Both of these loops have exactly two instructions of overhead.  (Note
that the replacement of `--i > 0' with `i-- > 1' is legal since the
only case where i-- < 1 but --i > 0 is when i==MININT before the
decrement; i becomes MAXINT after the decrement, and this is an
underflow, and the ANSI standard says all bets are off on underflow.
Additionally, in this case, i is a loop induction variable and is known
to occupy the range [99..1].  RISC compilers tend to do this sort of
optimization.)  A good RISC compiler may even choose to transform one
of these loops to the other.

Of course, the best optimization for:

	for (i = 1; i < 100; i++)
		x += i;

is:

	x += 4950;

which will typically be several hundred times faster than anyone's
micro-optimization.

(On another topic entirely:)
>	Bear in mind that C is one of the hardest languages in the world to
>optimize.

Not really.  Try optimizing ML, or Ada, or . . . .
-- 
In-Real-Life: Chris Torek, Lawrence Berkeley Lab EE div (+1 415 486 5427)
Berkeley, CA		Domain:	torek@ee.lbl.gov

brnstnd@kramden.acf.nyu.edu (Dan Bernstein) (02/25/91)

What Chris doesn't point out is that

  i = blah;
  do
   {
    ...
   }
  while (--i);

will compile to the optimal code on most machines under most compilers,
whether they have condition codes or not, whether they have exposed jump
delays or not, and whether the optimizer is on or off. I don't know any
machines where this will produce worse code than any other expression of
the loop.

---Dan

rh@smds.UUCP (Richard Harter) (02/25/91)

I have little to had to Chris's summary except to note that some machines
have the equivalent of the PDP-11's SOB instruction, which does both a
decrement (increment) and a branch on condition code in one instruction,
e.g the 68xxx series.  For these machines you have a one instruction overhead
in a loop.

Also the natural thing to do is to jump to the end of the loop immediately,
e.g.

		goto 2$
	1$:	loop body
		iteration code (i++, whatever)
	2$:	goto 1$ if test is satisfied
	3$:

Replicating the test really doesn't save you much, i.e.

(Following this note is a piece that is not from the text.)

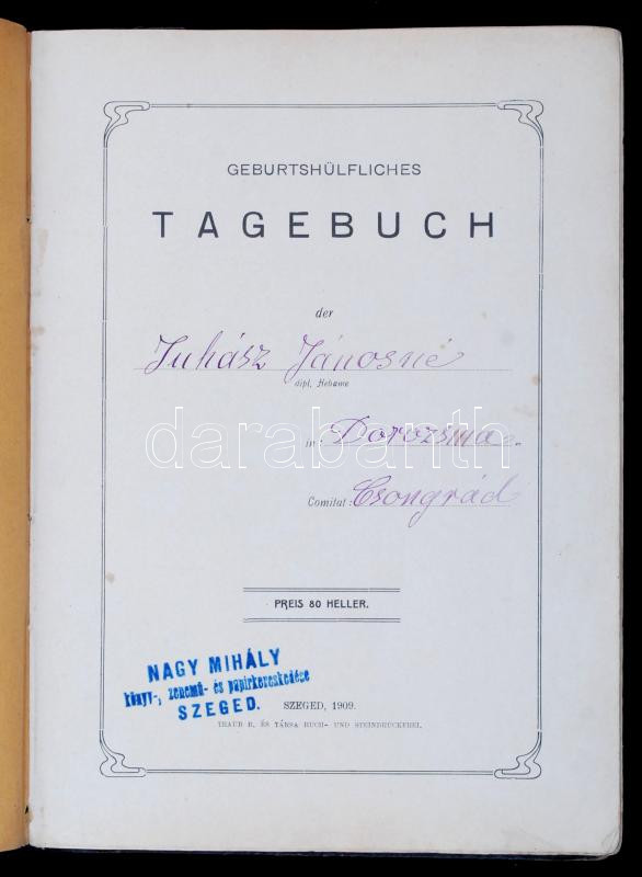 1923-1928 Kiskundorozsma, Geburtshülfliches Tagebuch (Szeged, 1909), n... https://www.darabanth.com/en/260-Online-auction/260.0/Other-collectibles/Historical-documents-manuscripts~16/1923-1928-Kiskundorozsma-Geburtshulfliches-Tagebuch-Szeged-1909-nemet-nyelvu-szuletesi-nap~II1286606

		goto 3$ if test is not satisfied
	1$:	loop body
		iteration code
	2$:	goto 1$ if test is satisfied
	3$:
		
doesn't win much because the cost of a naked goto (as distinct from the
cost of a naked civil servant) is very cheap [for CISC machines].

For reasons that are not clear to me many optimizing compilers will not
collapse the two machine instructions

		dec r1
		bge 1$

into the available single instruction to do the same thing.  Perhaps
some of our compiler writers can explain this to us.

Finally, the inimitable Dan B. points out that the do-while construct
gives the compiler its best shot at optimizing code.  Dan is right,
albeit a little sloppy.  [Hint 1 -- the do-while loop executes at least
once].

While I am at it there is an important point that has not been made.
Generally speaking, when you are altering code (presumably for optimiz-
ation since clarity is irrelevant in C :-)) it is desirable that a
transformation preserves semantics.  Or, to be more precise, it should
be clear what is being preserved by the transformation and what is not.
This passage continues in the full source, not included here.